The Parking Lot Never Lies [E261]
About this episode
Parking lot inventory becomes a real-time diagnostic for auto shop health. Chris Cotton explains that a stagnant lot—cars sitting week after week—signals unfinished work, weak communication, and leadership gaps. He ties vehicle dwell time to cash flow problems, describing unfinished vehicles as “trapped revenue” and even a “rolling accounts receivable problem.” The episode also covers tracking delays, tagging work in the shop management system, and asking who owns next steps to keep approvals from turning into bottlenecks.
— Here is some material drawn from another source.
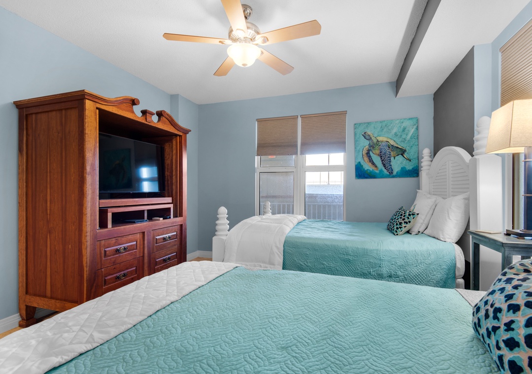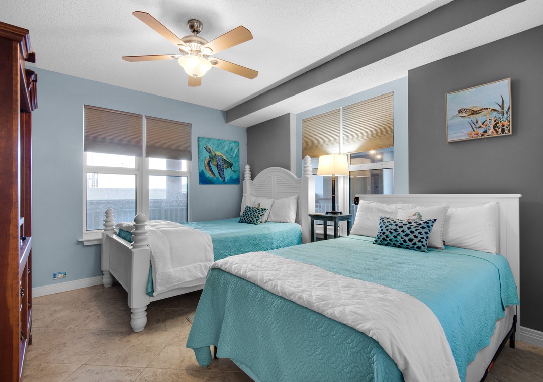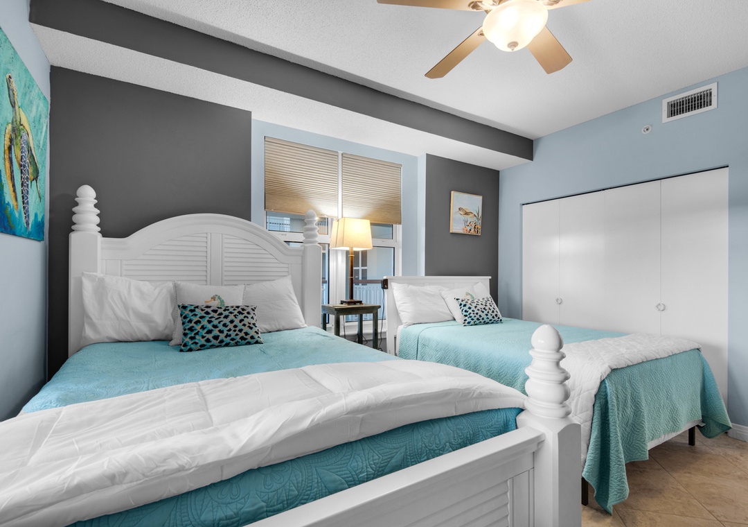 Bedroom #2: Queen Bed + Full Bed, Ensuite Access to Shared Bathroom

Want to know one of the fastest ways to determine if an auto repair shop is struggling?
Look at the parking lot.
If the same vehicles are sitting in the same spots for two weeks or longer, there is a good chance the shop has serious operational problems hiding beneath the surface.
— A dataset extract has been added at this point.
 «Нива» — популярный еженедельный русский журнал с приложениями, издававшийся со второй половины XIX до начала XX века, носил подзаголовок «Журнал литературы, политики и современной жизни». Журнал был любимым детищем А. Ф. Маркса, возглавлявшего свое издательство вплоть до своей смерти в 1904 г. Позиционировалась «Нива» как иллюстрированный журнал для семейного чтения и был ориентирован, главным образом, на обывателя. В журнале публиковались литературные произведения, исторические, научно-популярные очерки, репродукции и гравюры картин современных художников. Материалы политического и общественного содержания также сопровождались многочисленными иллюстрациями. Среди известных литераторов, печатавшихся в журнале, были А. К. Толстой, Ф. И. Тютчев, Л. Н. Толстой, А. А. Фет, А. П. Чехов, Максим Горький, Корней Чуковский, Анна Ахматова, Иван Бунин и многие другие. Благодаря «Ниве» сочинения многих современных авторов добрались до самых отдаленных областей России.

In this Weekly Blitz episode, I share one of the biggest warning signs I learned from my own experience as an absentee owner. The unfinished cars weren't the problem—they were the symptom of deeper issues involving leadership, workflow, communication, estimating, approvals, and accountability.
We'll discuss:
- Why unfinished vehicles are trapped revenue
- How stagnant parking lots signal operational bottlenecks
- The hidden costs of delayed repairs
- Why movement matters more than volume
- Questions every shop owner should ask about aging vehicles
- How high-performing shops manage workflow differently
- If your lot looks more like vehicle storage than an active repair facility, this episode is for you.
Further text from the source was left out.